BLOCKCHAIN-ENABLED CNN FRAMEWORK FOR ENHANCED STORM AND FLOOD PREDICTION BASED ON ENHANCED GIRD CELLULAR AUTOMATA ALGORITHM TEMPORAL OUTPUTS

Abstract

Extreme weather events such as storms and floods are increasing in frequency and intensity due to climate variability, creating a strong need for accurate and trustworthy prediction systems. This paper proposes a Blockchain-Enabled Convolutional Neural Network (CNN) Framework that leverages EGC2A (Enhanced Grid-Cell Climate Analytics) temporal outputs to improve the reliability, security, and interpretability of hydrometeorological forecasting. The EGC2A model generates high-resolution temporal climate features—such as rainfall intensity, atmospheric pressure shifts, and multi-layer humidity variations—which are fed into a customized CNN architecture to predict storm onset, flood severity, and risk distribution. To ensure tamper-proof data integrity, transparency, and decentralized verification, all processed climate features, model inference logs, and alert events are securely stored on a private Ethereum-based blockchain.

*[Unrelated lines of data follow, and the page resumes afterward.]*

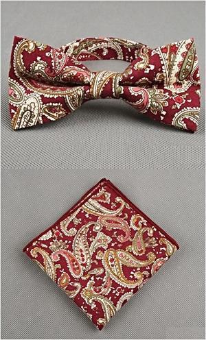 流行のペイズリー柄ののポケットチーフ付蝶ネクタイ TBC-m158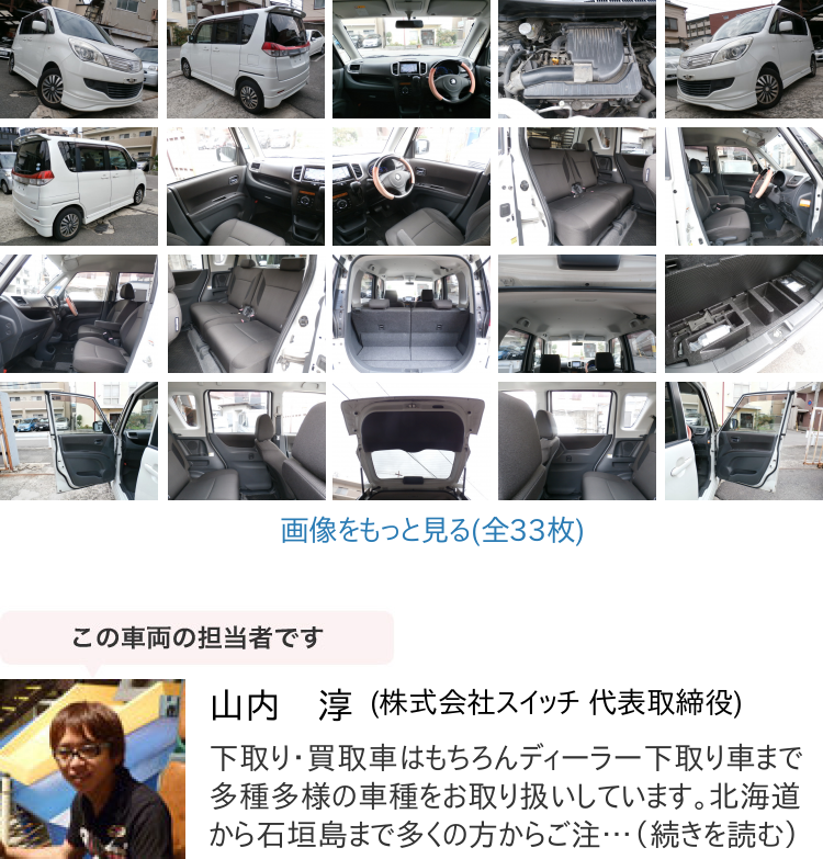 走行距離は現走行距離を記載していますのでお渡しする時には異な りますので予めご了承ください。(陸送や検査受けをする場合等はとくに)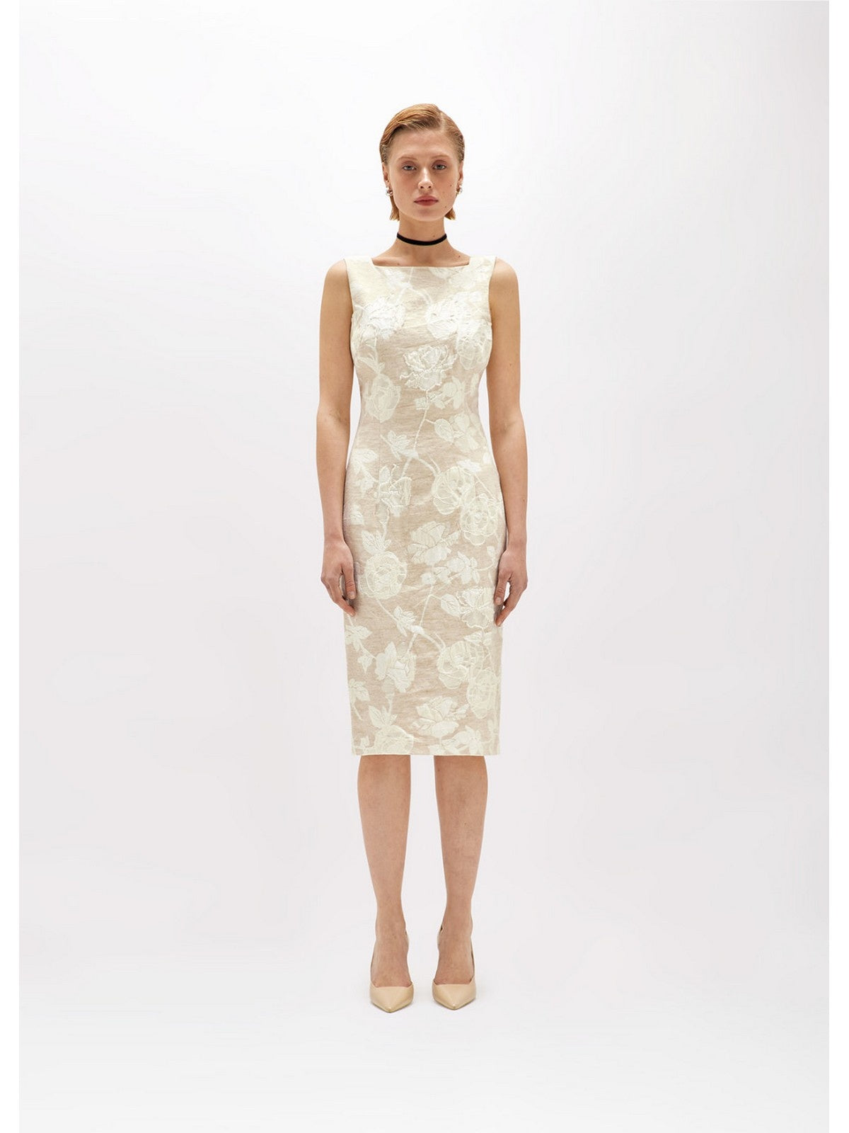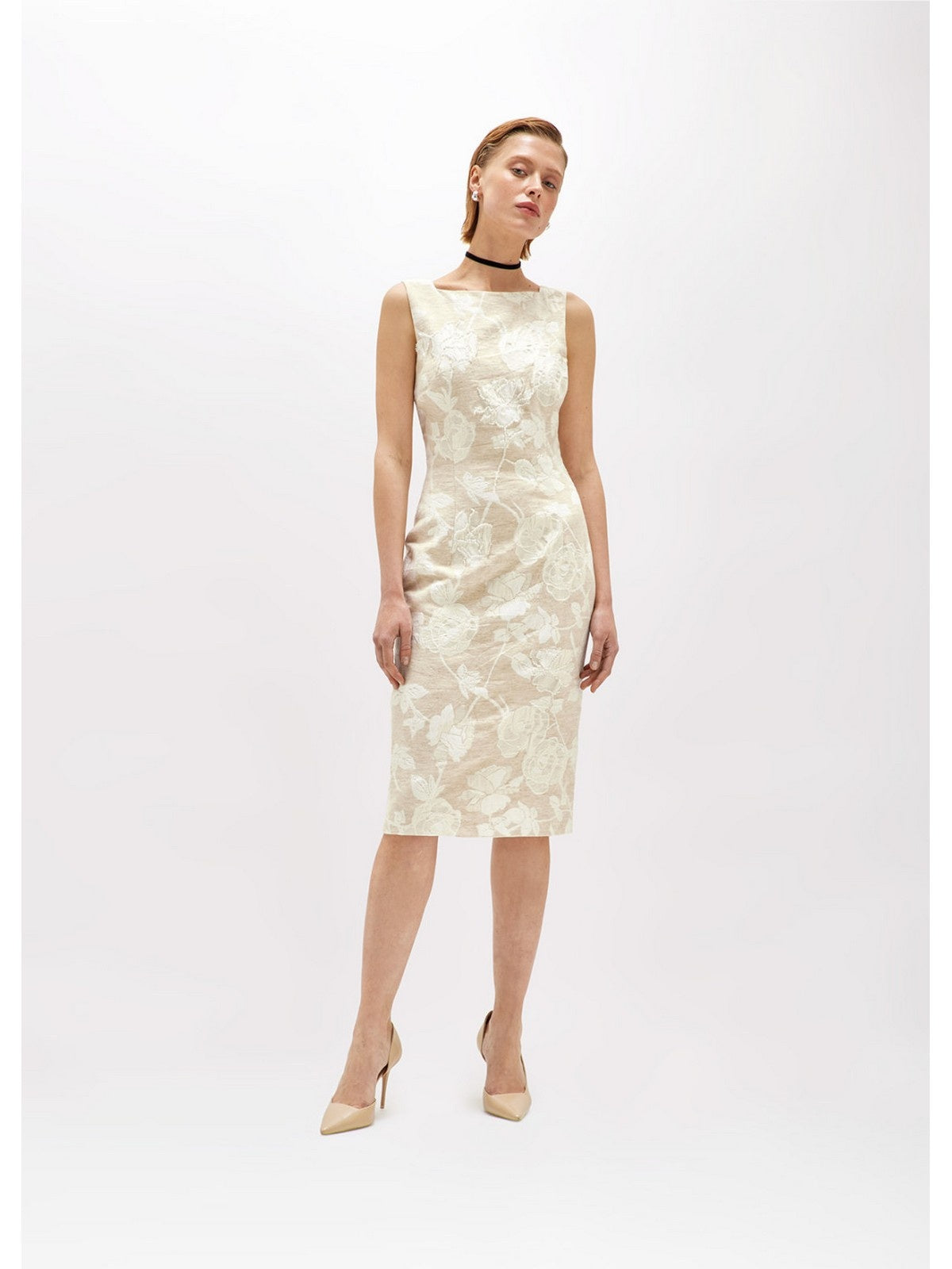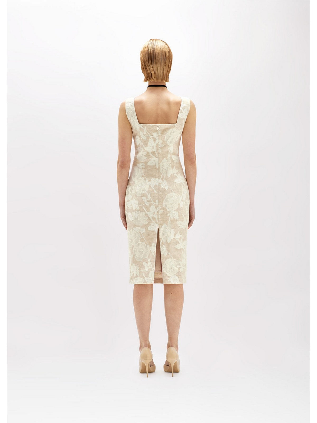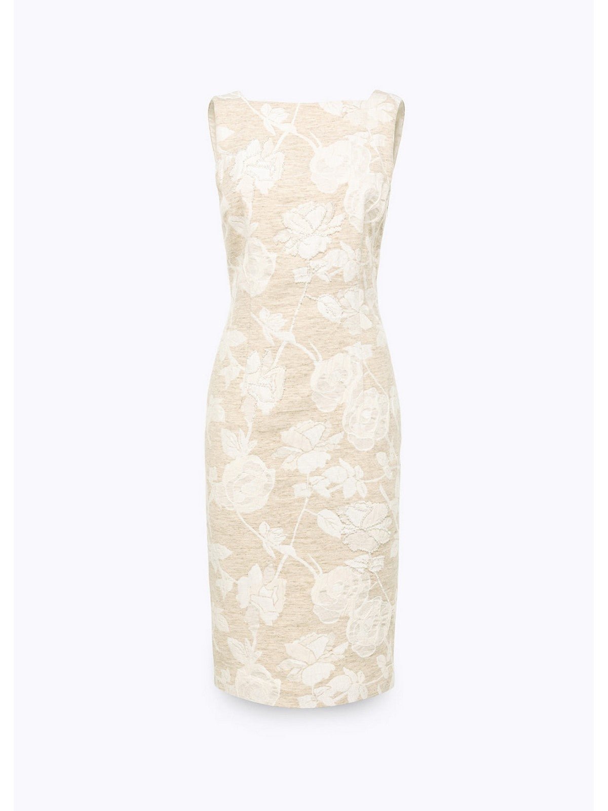 L'ABITO A TUBINO SI RINNOVA CON QUESTO ABITO IN TESSUTO JACQUARD A MOTIVO FLOREALE CON RICAMO LEGGERO TONO SU TONO. HA COLLO SQUADRATO DAVANTI E DIETRO, CHIUSURA CON ZIP AL FIANCO, SPACCO AL FONDO SUL RETRO REGOLABILE CON ZIP. L'OPZIONE IDEALE PER EVENTI E CERIMONIE, DA ABBINARE ALLA GIACCA BOXY IN COORDINATO.COMPOSIZIONE: 63% COTONE 27% VISCOSA 10% LINO

The integration of blockchain significantly reduces data manipulation risks, ensures traceability of prediction updates, and enhances the trustworthiness of climate-alert systems used by disaster management authorities. Experimental evaluation demonstrates that the proposed hybrid framework achieves higher prediction accuracy, reduced false-alert rates, and improved temporal sensitivity compared to traditional deep-learning-only models. This work establishes a scalable architecture for future climate prediction systems where AI-driven analytics and blockchain-based trust operate cohesively to support proactive disaster preparedness.